Everything below from the line with "函館B級グルメの一角。函館観" through the line with "初中各科微课合辑(7.17) 2022中考道法复习核心问题归类整理" should be copied exactly, and nothing else; leave out the pictures.

Segment Start: The input

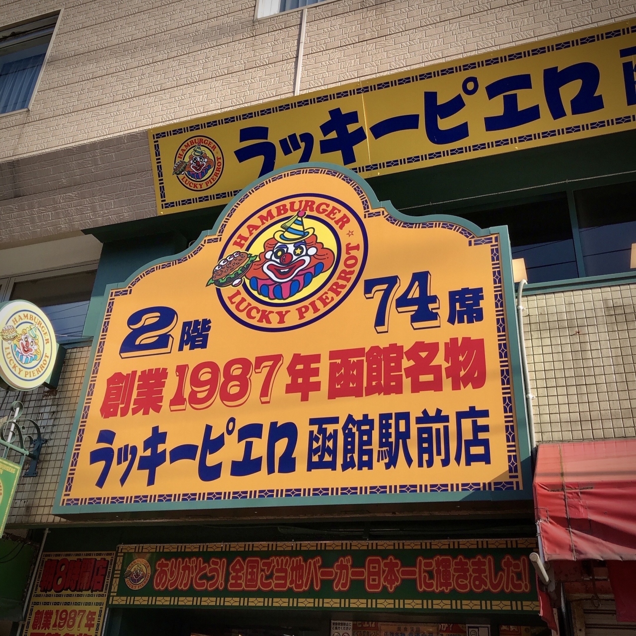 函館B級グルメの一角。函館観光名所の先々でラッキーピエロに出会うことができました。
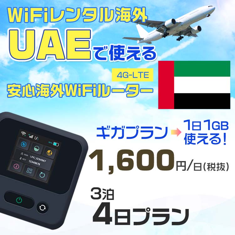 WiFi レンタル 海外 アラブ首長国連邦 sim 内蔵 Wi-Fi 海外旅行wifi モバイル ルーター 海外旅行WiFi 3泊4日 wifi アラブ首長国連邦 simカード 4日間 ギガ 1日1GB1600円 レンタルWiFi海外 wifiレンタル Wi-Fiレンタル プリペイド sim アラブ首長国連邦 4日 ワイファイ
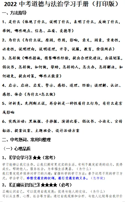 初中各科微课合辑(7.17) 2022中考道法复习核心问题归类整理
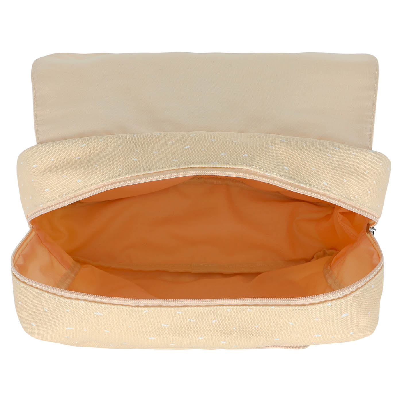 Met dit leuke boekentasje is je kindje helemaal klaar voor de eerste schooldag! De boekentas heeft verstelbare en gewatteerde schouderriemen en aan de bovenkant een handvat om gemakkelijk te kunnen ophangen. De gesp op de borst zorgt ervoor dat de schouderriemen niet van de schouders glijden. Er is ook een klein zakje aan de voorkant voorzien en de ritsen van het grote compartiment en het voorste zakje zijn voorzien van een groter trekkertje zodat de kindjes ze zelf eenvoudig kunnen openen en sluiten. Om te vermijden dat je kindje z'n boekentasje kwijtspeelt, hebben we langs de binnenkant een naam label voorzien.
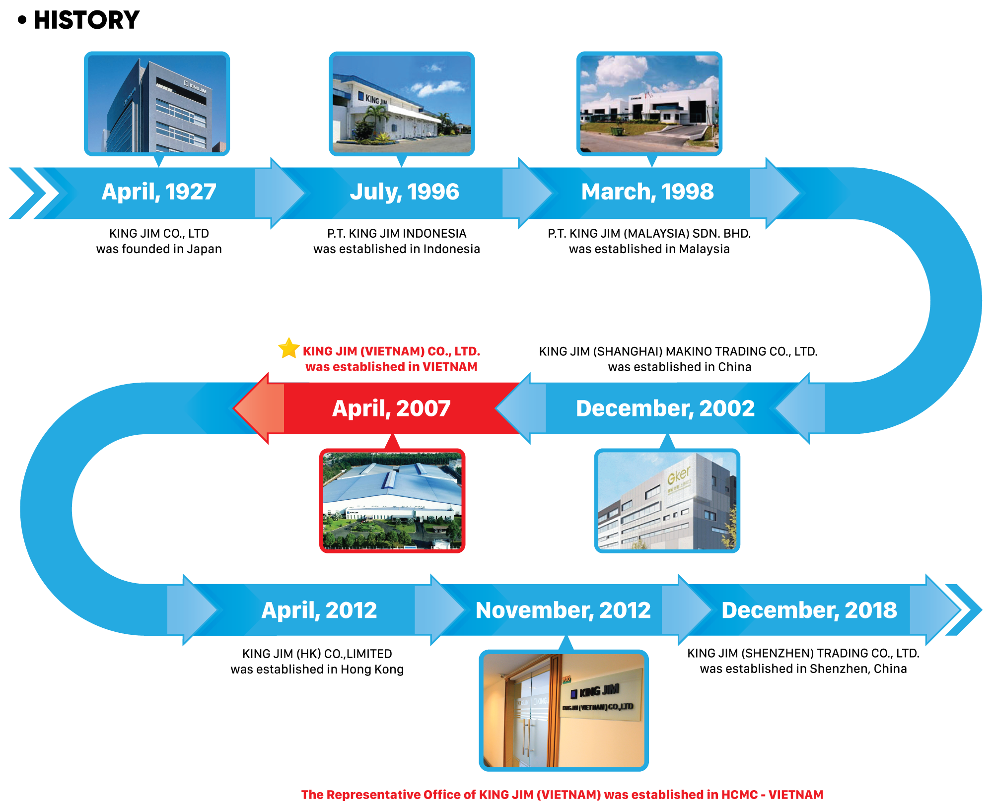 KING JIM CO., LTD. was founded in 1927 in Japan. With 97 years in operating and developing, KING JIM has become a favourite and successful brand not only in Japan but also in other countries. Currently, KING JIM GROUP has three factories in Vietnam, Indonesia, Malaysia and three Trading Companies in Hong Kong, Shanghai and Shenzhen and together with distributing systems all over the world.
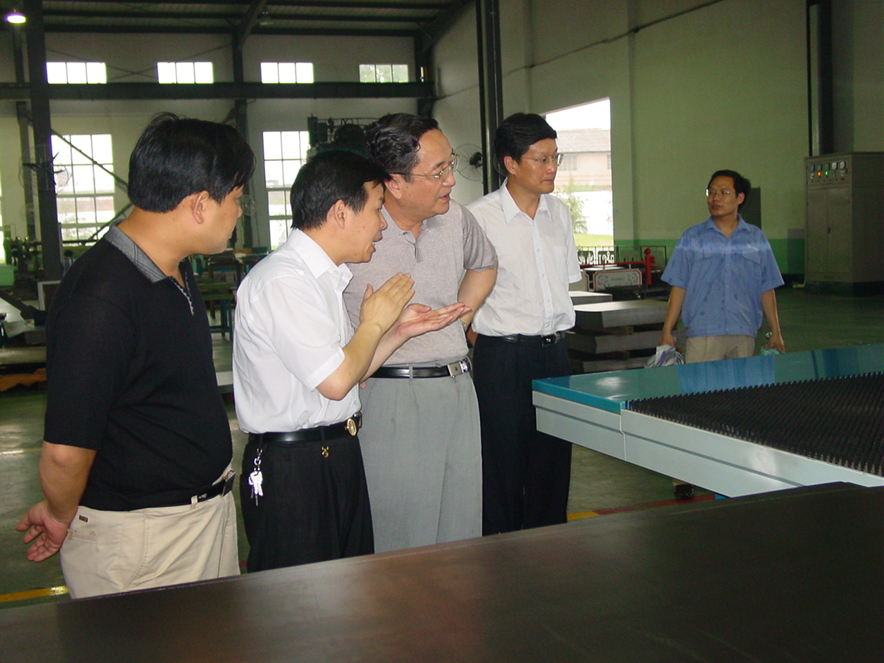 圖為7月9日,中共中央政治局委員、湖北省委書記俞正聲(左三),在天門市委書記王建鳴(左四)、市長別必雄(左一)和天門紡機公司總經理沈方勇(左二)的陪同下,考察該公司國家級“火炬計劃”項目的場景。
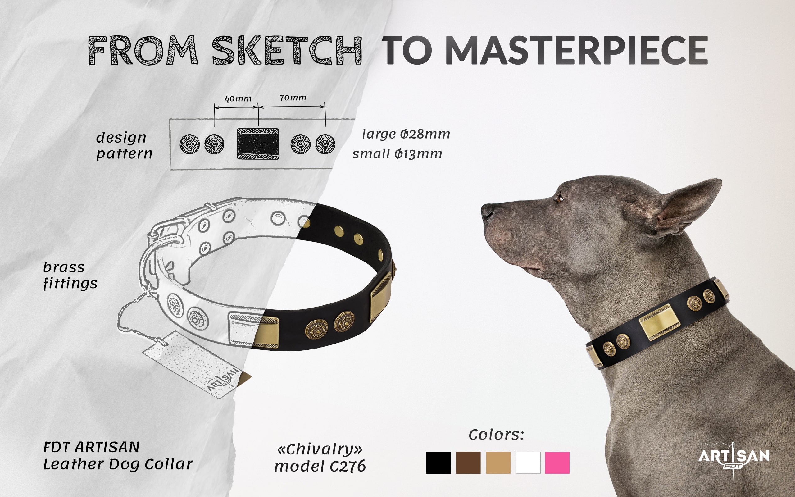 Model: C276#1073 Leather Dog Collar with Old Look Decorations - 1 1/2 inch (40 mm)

Segment End: The input
Segment Start: The input

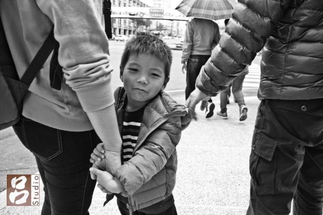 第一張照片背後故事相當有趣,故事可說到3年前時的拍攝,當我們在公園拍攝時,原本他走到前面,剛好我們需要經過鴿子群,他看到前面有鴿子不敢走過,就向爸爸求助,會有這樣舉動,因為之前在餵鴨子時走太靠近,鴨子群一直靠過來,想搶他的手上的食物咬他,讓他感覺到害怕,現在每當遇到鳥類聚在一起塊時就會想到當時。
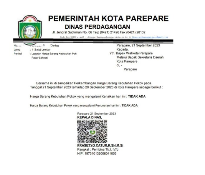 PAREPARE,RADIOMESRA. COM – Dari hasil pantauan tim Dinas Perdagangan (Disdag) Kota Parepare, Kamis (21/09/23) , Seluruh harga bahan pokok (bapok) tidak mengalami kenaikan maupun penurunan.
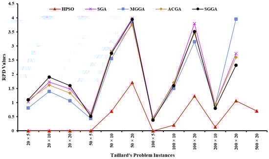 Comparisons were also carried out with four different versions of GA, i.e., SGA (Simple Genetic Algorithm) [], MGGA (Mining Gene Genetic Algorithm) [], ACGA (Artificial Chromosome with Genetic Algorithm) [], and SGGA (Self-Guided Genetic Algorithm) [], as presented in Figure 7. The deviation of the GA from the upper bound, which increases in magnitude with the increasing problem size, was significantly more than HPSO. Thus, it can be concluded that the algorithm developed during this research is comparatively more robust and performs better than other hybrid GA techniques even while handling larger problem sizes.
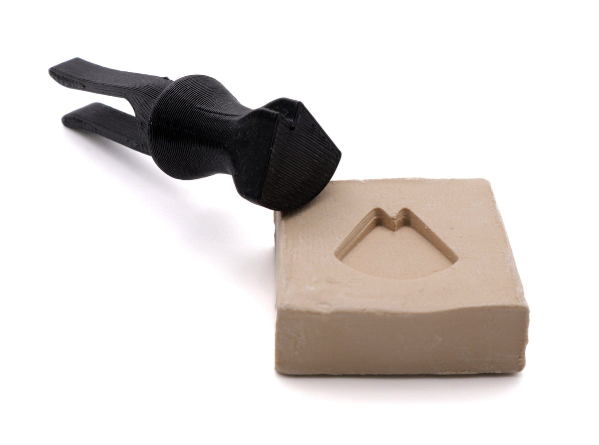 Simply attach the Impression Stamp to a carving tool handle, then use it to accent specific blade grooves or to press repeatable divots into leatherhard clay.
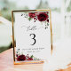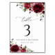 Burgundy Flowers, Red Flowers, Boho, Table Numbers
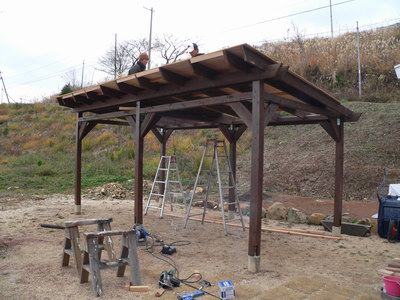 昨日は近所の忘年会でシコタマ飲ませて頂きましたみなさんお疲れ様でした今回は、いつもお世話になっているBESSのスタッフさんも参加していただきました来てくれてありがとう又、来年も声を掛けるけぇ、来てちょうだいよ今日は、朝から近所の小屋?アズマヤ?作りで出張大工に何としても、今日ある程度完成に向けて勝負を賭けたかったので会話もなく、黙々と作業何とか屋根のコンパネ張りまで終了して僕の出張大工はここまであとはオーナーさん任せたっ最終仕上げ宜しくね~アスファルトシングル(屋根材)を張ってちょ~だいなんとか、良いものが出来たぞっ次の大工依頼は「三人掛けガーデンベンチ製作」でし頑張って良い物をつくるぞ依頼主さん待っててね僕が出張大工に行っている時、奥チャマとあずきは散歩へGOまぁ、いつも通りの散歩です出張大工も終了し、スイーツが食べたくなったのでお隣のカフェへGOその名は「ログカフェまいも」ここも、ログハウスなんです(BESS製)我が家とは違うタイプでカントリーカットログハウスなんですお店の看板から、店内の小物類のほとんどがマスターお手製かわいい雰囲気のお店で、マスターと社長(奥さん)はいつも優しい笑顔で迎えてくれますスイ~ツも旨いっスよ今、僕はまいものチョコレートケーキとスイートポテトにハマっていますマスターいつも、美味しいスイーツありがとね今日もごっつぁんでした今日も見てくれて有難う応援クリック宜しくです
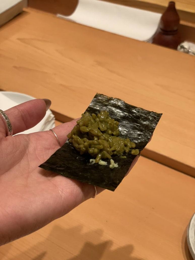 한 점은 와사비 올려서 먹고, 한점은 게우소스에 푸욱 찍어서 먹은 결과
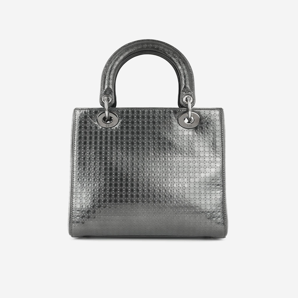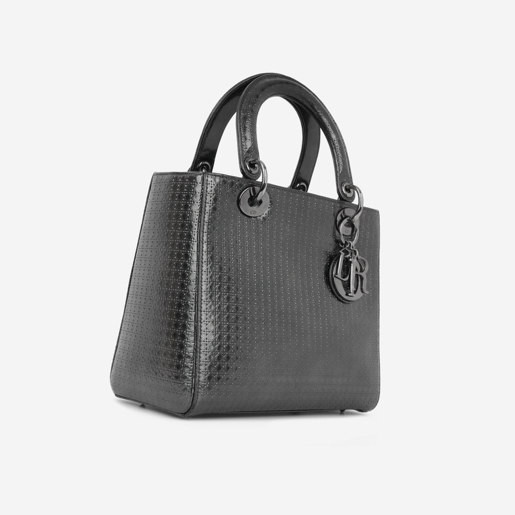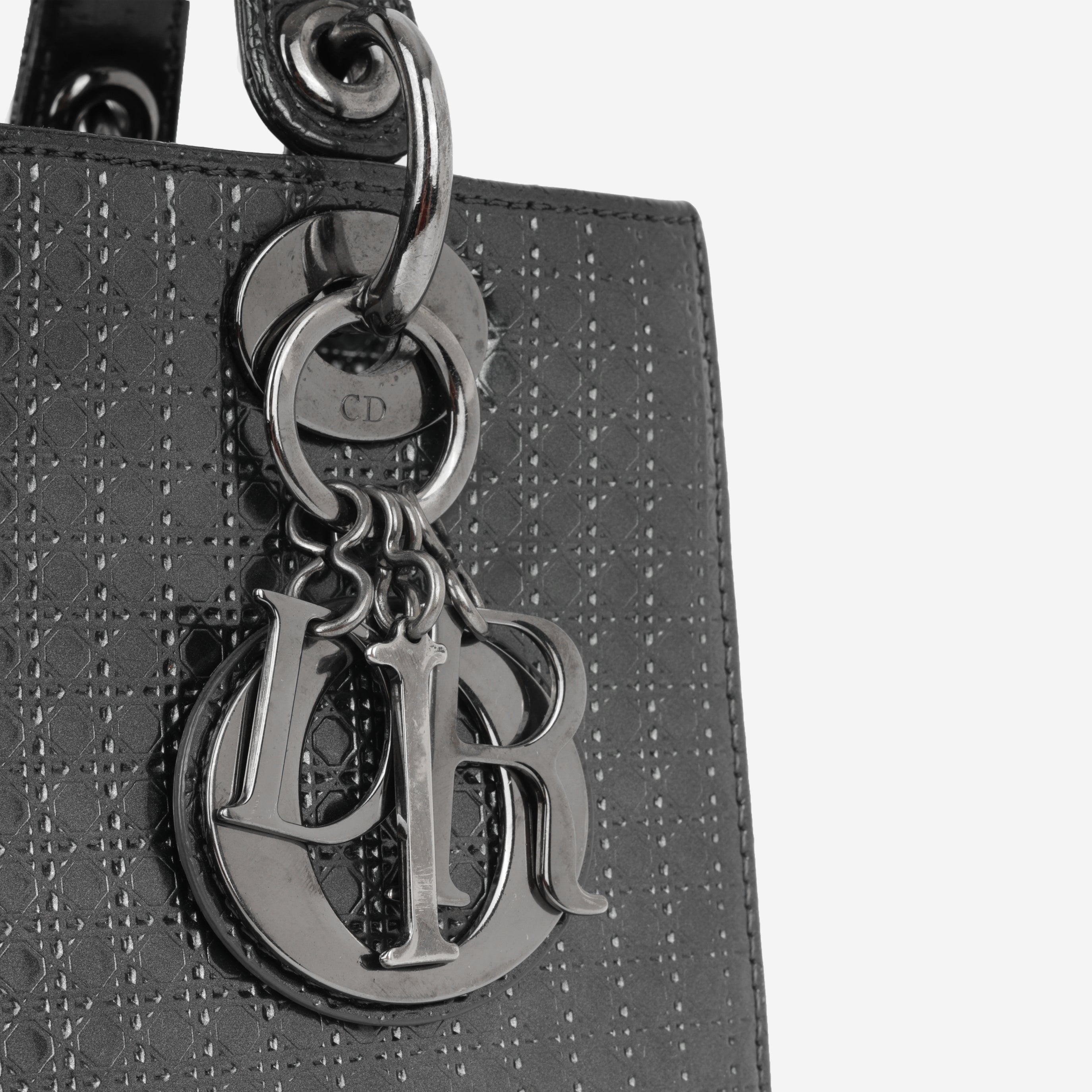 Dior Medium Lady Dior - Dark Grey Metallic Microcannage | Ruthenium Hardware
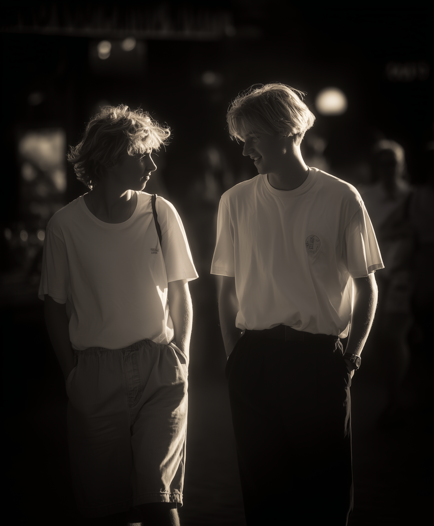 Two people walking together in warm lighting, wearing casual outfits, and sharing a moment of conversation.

Segment End: The input

The completed task —
 函館B級グルメの一角。函館観光名所の先々でラッキーピエロに出会うことができました。
 WiFi レンタル 海外 アラブ首長国連邦 sim 内蔵 Wi-Fi 海外旅行wifi モバイル ルーター 海外旅行WiFi 3泊4日 wifi アラブ首長国連邦 simカード 4日間 ギガ 1日1GB1600円 レンタルWiFi海外 wifiレンタル Wi-Fiレンタル プリペイド sim アラブ首長国連邦 4日 ワイファイ
 初中各科微课合辑(7.17) 2022中考道法复习核心问题归类整理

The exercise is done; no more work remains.